**What is expected**
With pictures omitted, the line containing "Read moreI just" and all later lines of the records below are to be restated word for word.

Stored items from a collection
____________________

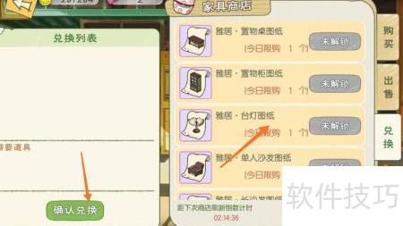 - 进入家具店,点击右侧兑换选项,选择雅居-台灯并确认,即可成功获取该物品。
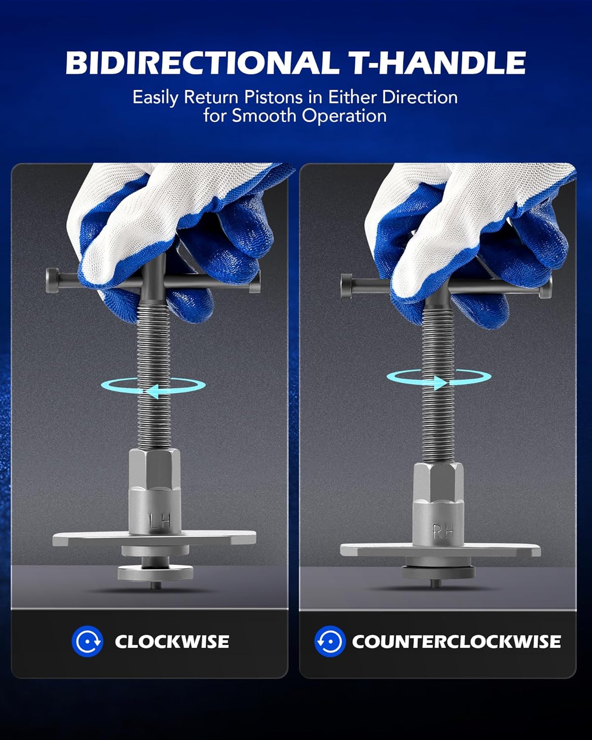 - Hassle-Free Use: Simply rotate the pistons back into their calipers to clear the pads. Embedded magnets in each thrust bolt assembly securely hold drive keys and adapters, while the right and left handed designs ensure versatile operation
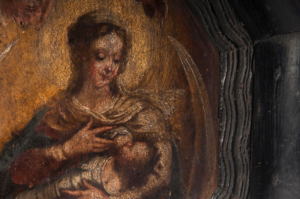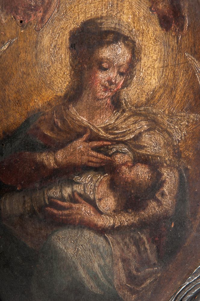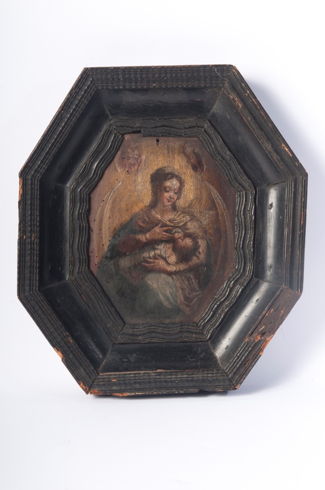 Madonna del latte XIX secolo dipinto ad olio su tavola 21 x 17 cm
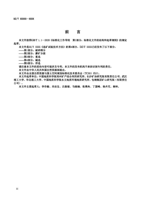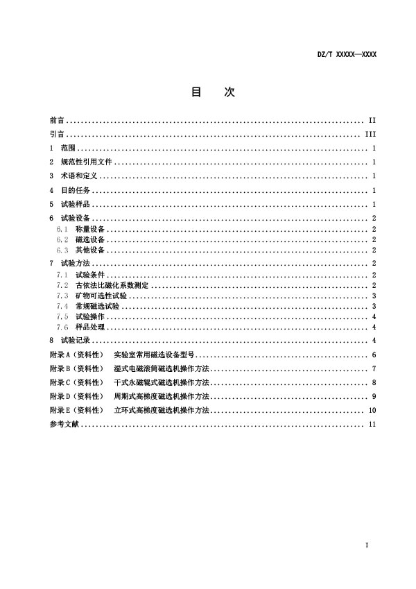 本文件給出了固體礦產實驗室磁選試驗相關的術語和定義,明確了目的任務、試驗樣品、試驗設備試驗方法和試驗記錄等要求。 本文件適用于固體礦產實驗室選礦試驗中的磁選試驗。
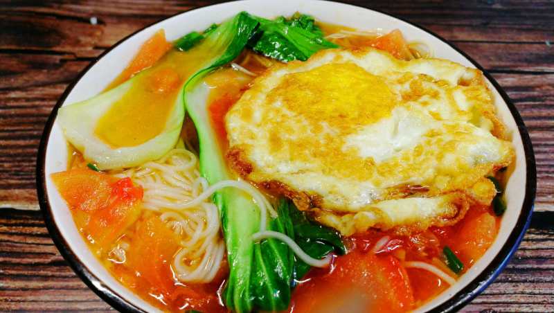 5:超好的番茄青菜叶浇在面上,煎蛋摆上面。加入少许香油,搞定。
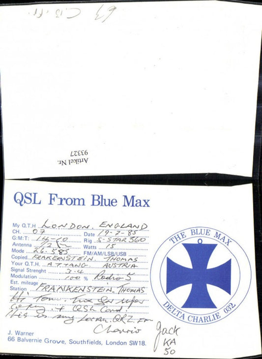 93372,QSL CB Karte Fareham Hampshire England Saxon Skippers Wikinger
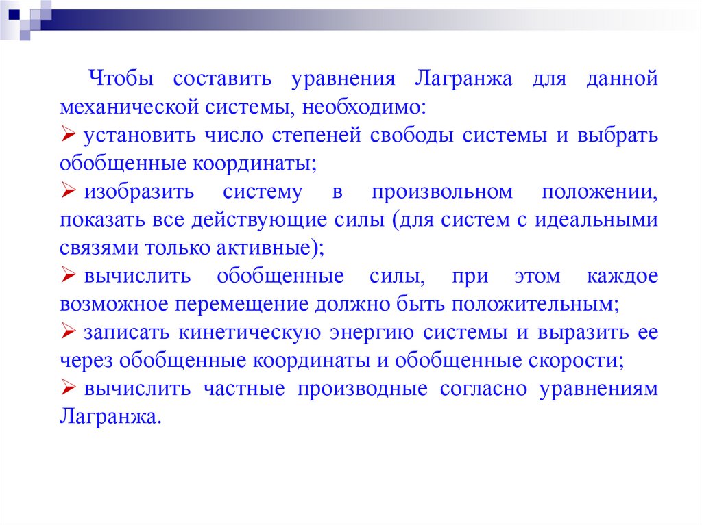 Чтобы составить уравнения Лагранжа для данноймеханической системы, необходимо:
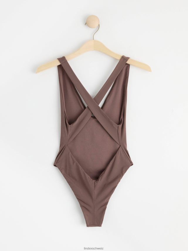 un maillot de bain élégant avec des bretelles croisées dans le dos et une découpe dans le bas du dos. matériel. cette pièce est partiellement réalisée en polyamide recyclé. En utilisant du polyamide recyclé, cela signifie que des matériaux qui autrement auraient été gaspillés ont une autre chance. il est beaucoup plus économe en ressources que la production de nouveaux matériaux, ce qui le rend meilleur pour l’environnement et réduit l’impact climatique.
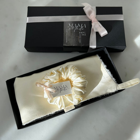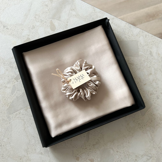 Šilkinio pagalvės užvalkalo ir gumelės rinkinys
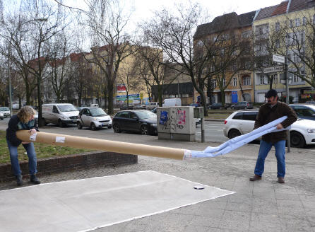 Dank der Aachener SWG war es möglich, an das Haus Osloer Str. Ecke Prinzenallee einige großflächige Banner zu hängen.
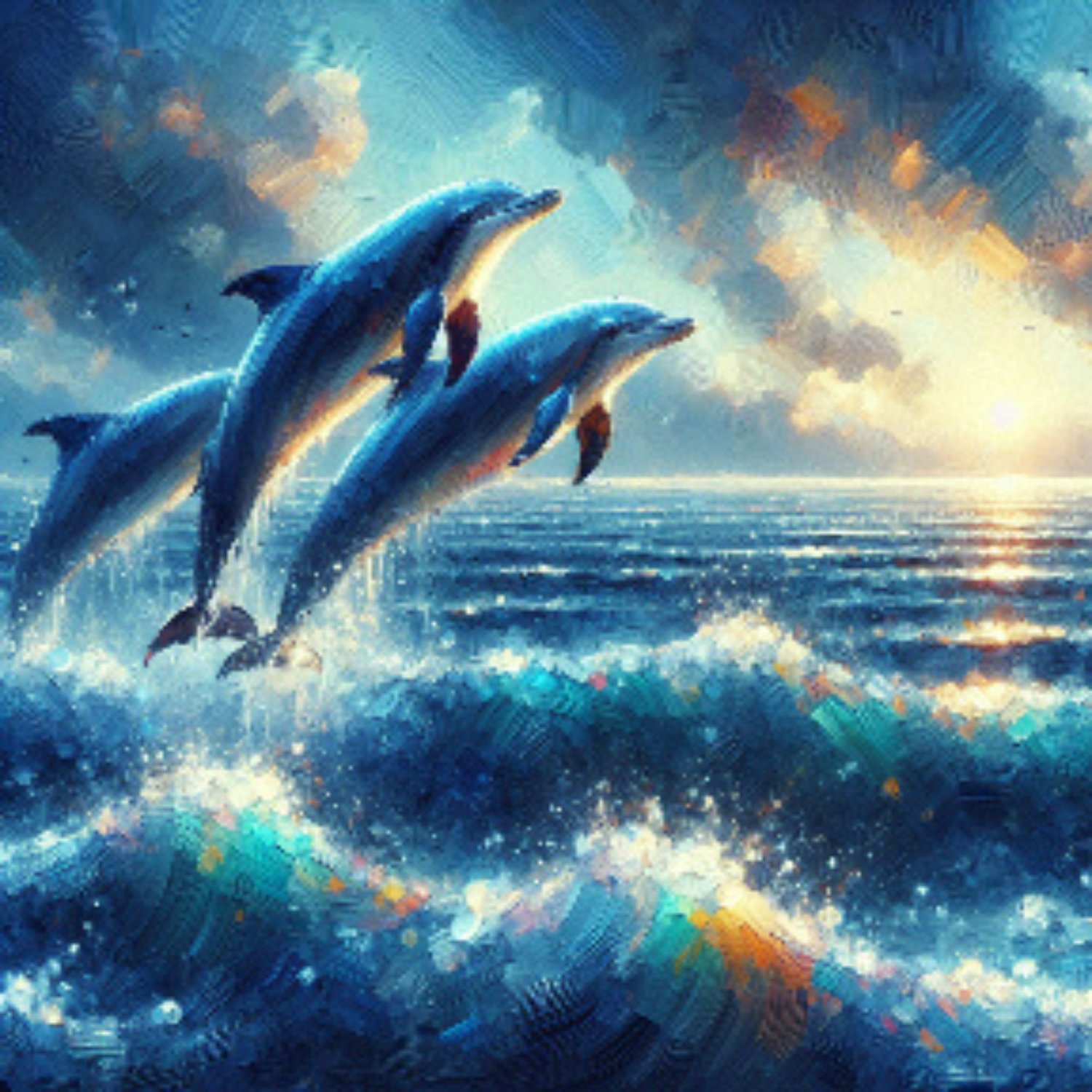 Feel the rhythm of the sea with Wave Riders — a dynamic, painterly digital artwork featuring three dolphins leaping joyfully through glowing ocean waves at sunrise. The rich brushstroke textures and vibrant blues bring this piece to life, making it a perfect choice for coastal, marine, or nature-inspired interiors.
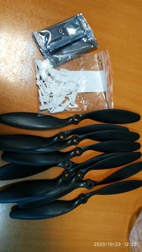 Количество соответствует. Качество, на первый взгляд, среднее (какая-то дешёвая пластмасса). Лёгкие. Брал на самолёт, но похоже они для квадрика. На пропсейвер не лезут, а на цангу моторчика садятся хорошо. Упаковка плохая. Доставка три недели.
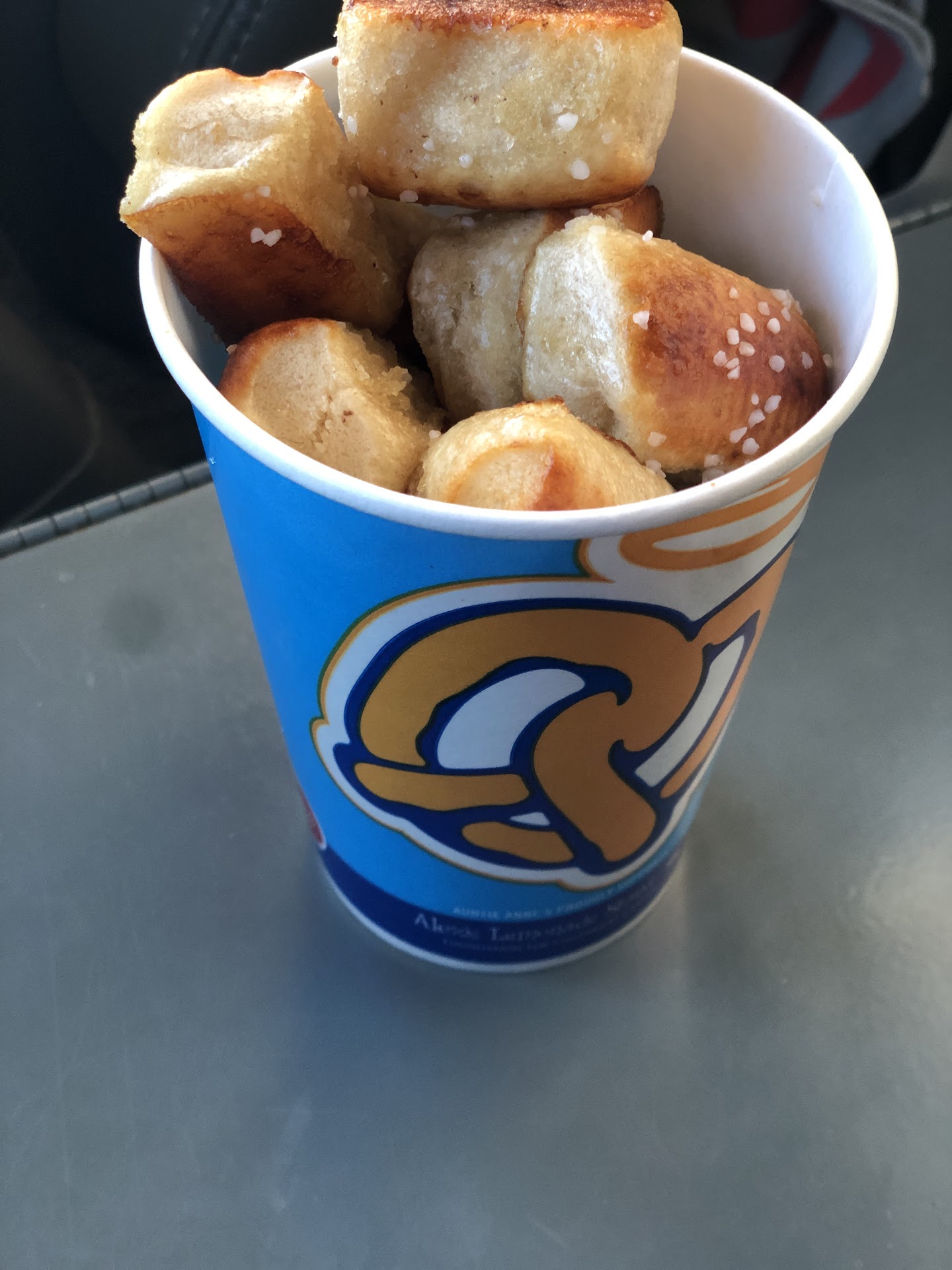 Read moreI just wanted to say I loveeee Auntie Ann’s so much like honestly y’all should sponsor me but, never the less I digress. I ordered a large pretzel with a regular lemonade which made my total to be around 8:30 but than the pretty girl at the cash register suggested I get honey mustard and try it with my pretzel. I’m glad I did it was delicious. The girls working there were really nice and...
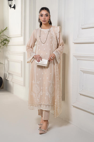 3 Piece Embroidered Self Jacquard Suit  DWEF109-ESM-BEG
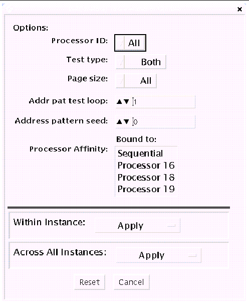 FIGURE 12-1 dtlbtest Test Parameter Options Dialog Box

____________________

**Response for this exercise**
 Read moreI just wanted to say I loveeee Auntie Ann’s so much like honestly y’all should sponsor me but, never the less I digress. I ordered a large pretzel with a regular lemonade which made my total to be around 8:30 but than the pretty girl at the cash register suggested I get honey mustard and try it with my pretzel. I’m glad I did it was delicious. The girls working there were really nice and...
 3 Piece Embroidered Self Jacquard Suit  DWEF109-ESM-BEG
 FIGURE 12-1 dtlbtest Test Parameter Options Dialog Box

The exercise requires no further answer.